Connect with us

Technologie et sciences

La Grande Ourse et la légende du voyageur déné — comment les enseignements autochtones peuvent changer la vision du ciel nocturne

Published

on

En regardant le ciel nocturne, il est facile de reconnaître la Grande Ourse, mais certaines personnes ne connaissent peut-être pas la légende dénée qui voit ces mêmes étoiles d’une manière différente.

L’idée de marier ces deux perspectives peut fournir une lentille pour nous aider à voir les étoiles d’une nouvelle façon et rendre la science plus inclusive, déclare l’astronome Mi’kmaw Hilding Neilson.

« Les peuples autochtones ont des siècles et des millénaires de connaissances et de méthodologies que nous n’avons tout simplement pas utilisées », a déclaré Neilson, professeur adjoint à l’Université de Toronto. Tapisserie hôte Mary Hynes.

« Alors peut-être que nous pouvons également créer une science plus accueillante pour, disons, les Autochtones et les autres personnes de couleur, ou créer une science qui fonctionne bien avec d’autres méthodologies. »

ÉCOUTEZ | Une perspective autochtone rafraîchissante sur l’astronomie :

Tapisserie25:06L’astronome indigène Hilding Neilson dit qu’une nouvelle perspective peut aider à « mieux faire la science »

Une légende dénée

Fred Sangris a appris de son père et de son grand-père comment naviguer et marquer les jours avec rien de plus que les étoiles et la lune pour le guider.

Sangris est un aîné de la Première Nation dénée Yellowknives et le chef de la communauté de Ndilǫ, dans les Territoires du Nord-Ouest.

Le chef déné Fred Sangris a appris de son père et de son grand-père comment utiliser le ciel nocturne pour naviguer et marquer les jours. (Hilary Bird/CBC)

Quand il avait environ quatre ou cinq ans, son grand-père lui a raconté la légende de Yamoòzha, un voyageur qui vit dans les étoiles et qui débarrasserait le monde des mauvaises créatures qui pourraient nuire au peuple déné.

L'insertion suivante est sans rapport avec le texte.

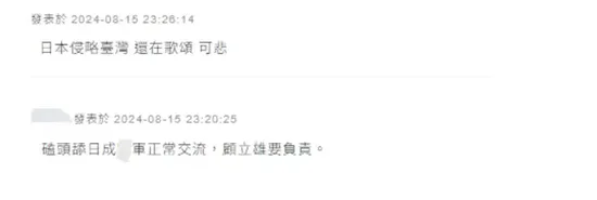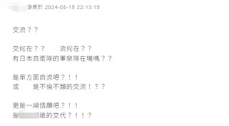 有岛内网友对台防务部门所谓“交流”的说法表示质疑,“交流何在?有日本自卫队的军乐队在场吗?是单方面吧!或是不伦不类的交流!更是一厢情愿吧!是防务部门谁的交代?” 还有人批评称:“日本侵略台湾,还在歌颂,可悲” “磕头舔日成台军正常交流,顾立雄(现任台防务部门负责人)要负责。” “奴民!习惯了” “民进党执政下舔日的台湾” “数典忘祖的东西” “民进党执政一昧地抱美、日大腿,连台军也不断地谄媚、迎合上意。” “又开始‘皇民化’了吗?”

Mais Yamoòzha a été attaqué par un rival, jaloux de ses pouvoirs, qui l’a poursuivi sur toute la terre. Lorsque Yamoòzha s’est échappé vers le ciel, son harceleur lui a tiré une flèche dans le dos.

Sangris a appris que cette image du voyageur avec une flèche dans le dos constitue une constellation qui comprend la Grande Ourse, et que ce groupe d’étoiles joue un rôle clé dans la culture dénée.

Chris Cannon, professeur adjoint d’études autochtones à l’Université d’Alaska Fairbanks, a créé cette illustration de la constellation des Yellowknives Dene connue sous le nom de voyageur, qui ressemble à un homme qui a reçu une flèche dans le dos. (Soumis par Chris Cannon)

La constellation leur rappelle que Yamoòzha regarde toujours et que s’ils désobéissent à la loi dénée, il pourrait revenir pour enseigner à nouveau les leçons.

Sangris a travaillé avec Chris Cannon, professeur adjoint d’études autochtones à l’Université d’Alaska Fairbanks, pour rédiger un article sur le sujet qui sera publié dans l’édition de ce mois-ci de la revue scientifique Arctic.

Cannon dit que la constellation des voyageurs a des utilisations pratiques, mais est également profondément liée à la spiritualité dénée. (Soumis par Chris Cannon)

« Ces parties du corps [of the traveller] ont beaucoup d’efficacité pour s’orienter et dire la météo, mais c’est aussi profondément lié à la cosmologie, à la vision du monde, à la spiritualité », a déclaré Cannon.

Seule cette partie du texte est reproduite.